SBJ/October 17-23, 2011/Opinion

Mastering illusion, and promotions

British tabloid sportswriter Bill “Don’t call me William” Shakespeare stirred up the debate on the value of sports promotion when he wrote, “The Play’s the Thing.” He was sent over to the States to cover Bill Veeck’s midget caper with the Chicago White Sox in August 1951, and the world of sports promotion was never the same.

Veeck, the godfather of major league baseball promotion, said: “It isn’t enough for a sports promotion to be entertaining or even amusing; it must create conversation. When the fan goes home and talks about what he has seen, he is getting an additional kick out of being able to say he was there. We are trying to get the whole city in a frame of mind where they are asking, ‘What’s that screwball going to do next?’ A promoter deals with illusion, and illusion is a distorted mirror, which can throw back your own reflection.”

Promotion is a state of mind in the creator long before it becomes a state of mind in the fans or media.

I worked for the team with the worst record in the history of the NBA (1972-73 Philadelphia 76ers who went 9-73). In our “Year of the Uniform” youth promotion, we gave out a facsimile of the team’s uniform (jerseys, shorts, jacket, socks, gym bag and sneakers) over the course of the season. Promotions are inexpensive thank-yous for your most loyal fans and build bridges to future season-ticket holders.

What works best and why

Baseball is the Mount Everest of promotions. Entertaining the home fans for 81 games demands that marketers spice up games with more than runs, hits and errors. Baseball depends on walk-ups and group sales because of smaller season-ticket bases and long home stands. Research and development is done through minor league teams that are always experimenting with how zany their promotions can be.

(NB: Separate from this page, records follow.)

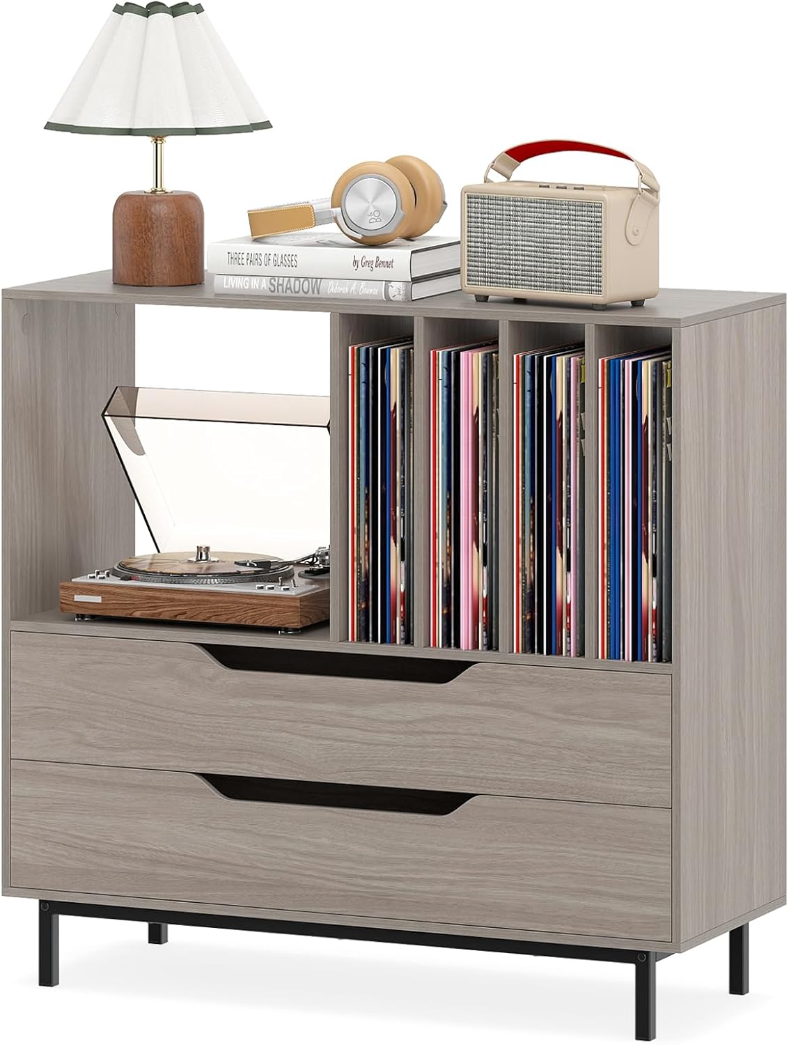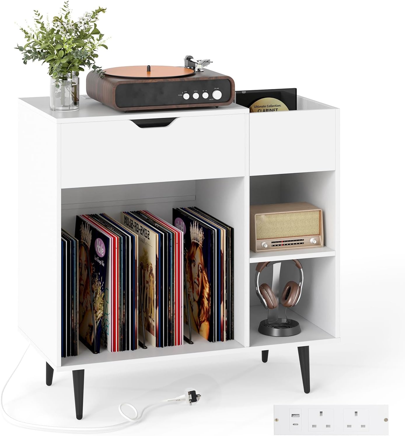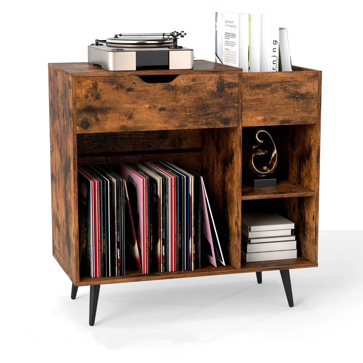 Product Details: Get organized in style with the versatile record player stand. Its spacious design includes a wide drawer, 3 storage cubes, and a large compartment...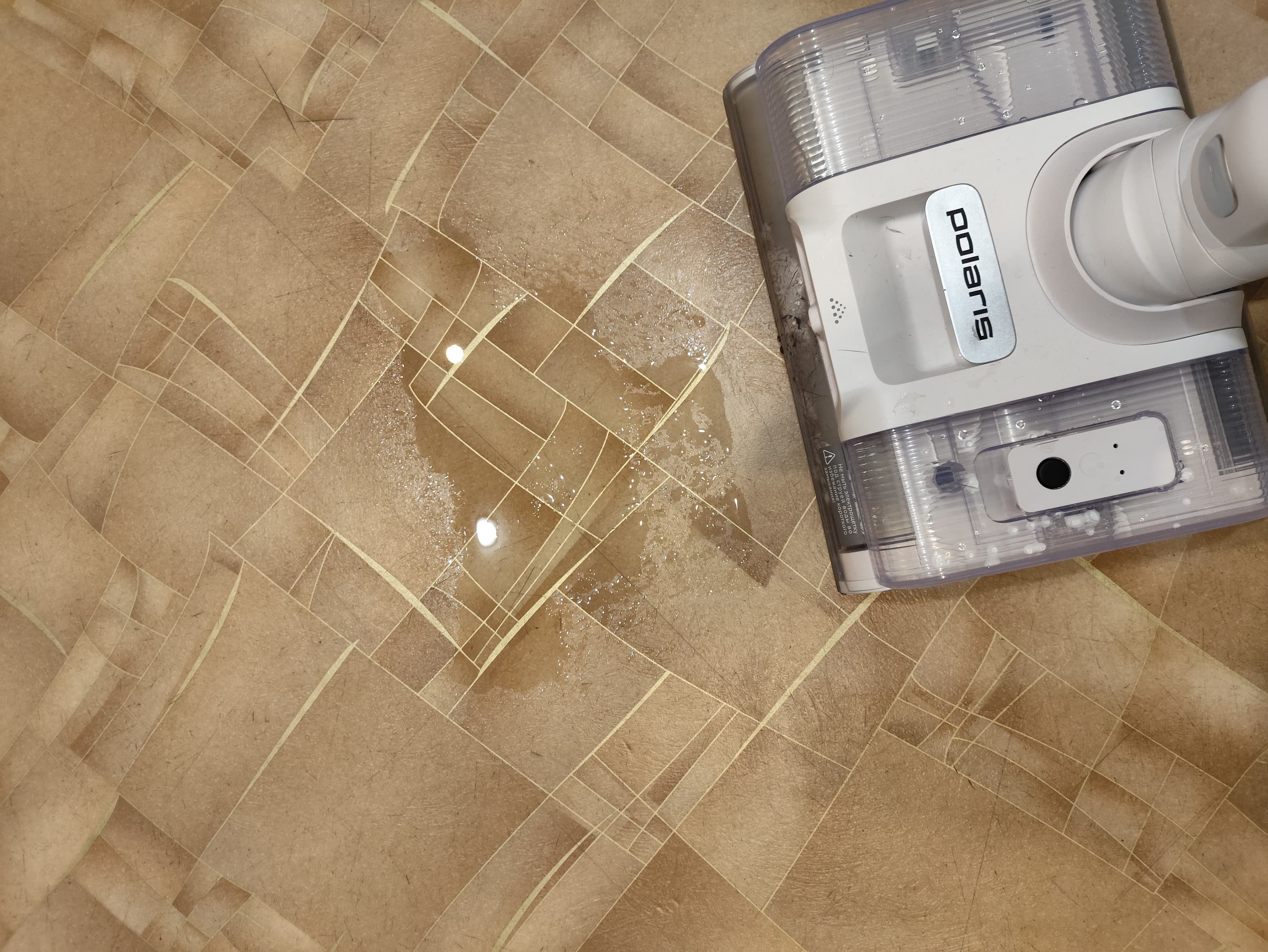 Качество уборки при всем этом оказалось на высоком уровне: капель и разводов на полу не остается, а насадка для влажной уборки способна проходить в непосредственной близости от стен и плинтусов. Стандартные загрязнения удаляются с первого же раза.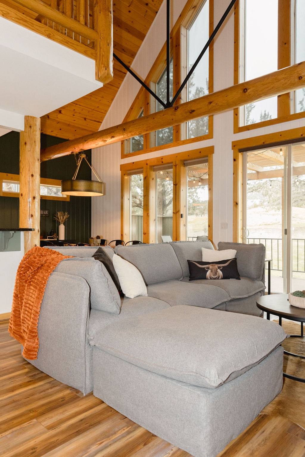 Este chalet Eagle Crest original está situado en el centro. Los techos abovedados y la planta abierta lo convierten en el lugar perfecto para pasar con familiares y amigos. Hermosos suelos de pino nudoso, paredes, vigas y techo. La casa consta de 3 dormitorios (4 camas, 1 tamaño king en el dormitorio principal, 1 tamaño queen y una litera que consta de una cama completa y una litera individual). Ya sea que estés afuera disfrutando de tu café por la mañana o relajándote en el jacuzzi en una noche fresca, este es el lugar perfecto para disfrutar de tu escapada a Central Oregon.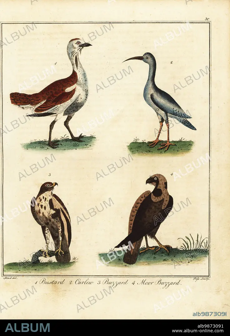 Bustard, Otis tarda, curlew, Numenius arquata, buzzard, Buteo buteo, and moor buzzard, Circus aeruginosus. Handcoloured copperplate engraving by J. Pass after an illustration by J. Stead from William Augustus Osbaldistons The British Sportsman, or Nobleman, Gentleman and Farmers Dictionary of Recreation and Amusement, J. Stead, London, 1792.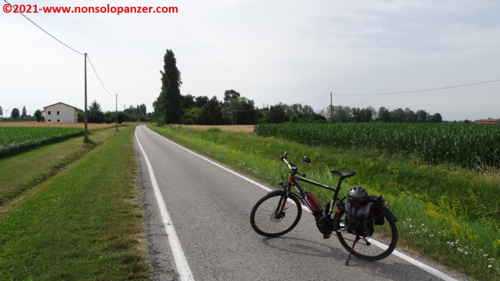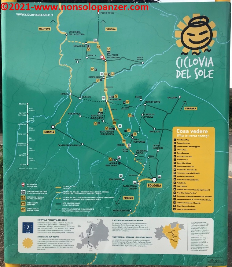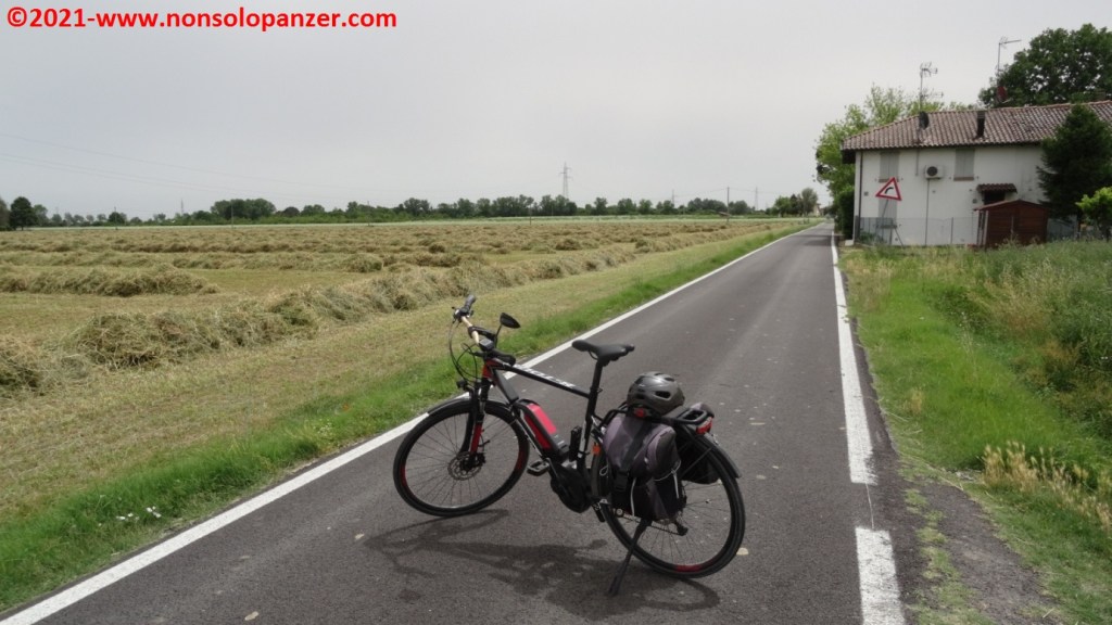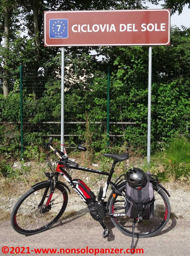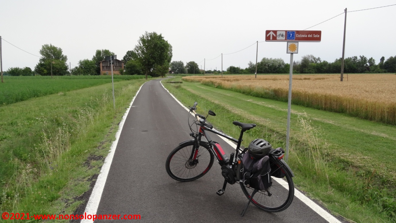 Grazie ad alcuni articoli apparsi sui giornali e sui canali online, sono venuto a sapere della recente inaugurazione della “Ciclovia del Sole” nel tratto da Mirandola ad Osteria Nuova, distante pochi chilometri da Bologna. La “Ciclovia del Sole” è un grande progetto europeo che ha come obiettivo la realizzazione di una pista ciclabile che, tagliando verticalmente l’intera Europa, congiungerà Capo Nord con il Sud Italia. In attesa del suo completamento, non mi sono fatto sfuggire l’occasione di percorrerne il nuovo tratto emiliano. Partito il venerdì 18 giugno con la mia fedele Fiat 500 equipaggiata di portabici personalizzato, ho raggiunto Mirandola in serata ed ho inforcato la bicicletta la mattina successiva, sabato 19 giugno.

The NBA game is focused on sizzle. Much of the league’s marketing and promotional foundation is based on its superstar players. The NBA pours resources into dance teams, video board features and professional entertainment at halftimes. Merchandise giveaways are an important tool for a number of NBA franchises struggling at the gate. Fans dressed as empty seats are toxic. If you can change fans’ apathy through free T-shirts or caps, you are increasing food and beverage sales and creating hundreds of walking billboards for your team throughout the market.

Hockey is a problem for promotional events. In many NHL arenas, the No. 1 promotion is watching the Zamboni clean the ice. Hockey is a traditional sport with incredibly loyal fans that doesn’t require much promotional gimmickry.

Pro football is where every game matters. Halftimes are for the fans to visit the concession stands and the facilities so as not to miss the action. This is the No. 1 sport relying on TV to carry its promotional message. Tailgating is football’s most cherished promotional vehicle.

Everything in moderation

Fans come to see the greatest athletes in the world do their thing in an unscripted setting. When teams overload those fans with insipid play, intruding promos, ear-splitting non-stop noise, mascot mania, useless free merchandise and Big Brother directions for cheering, they can damage their fan base for years to come.

And not everyone is a fan of in-game entertainment. Terry Francona, former manager of the Boston Red Sox, had this to say on the Washington Nationals’ Racing Presidents: “We don’t need to have [inflatable] president races or [bottles of] mustard racing ketchup. Our fans like our baseball, and I actually really think that’s cool. Nothing against mustard.”

What the future holds

It has been said that the past is prologue. Consider that one of baseball’s first giveaways was an ashtray in the shape of Wrigley Field by the Chicago Cubs. It won’t be long before holograms will be sent by teams containing highlights, merchandise items and player avatars.

And the rise of social media provides a perfect vehicle for promotions as teams search for that balance.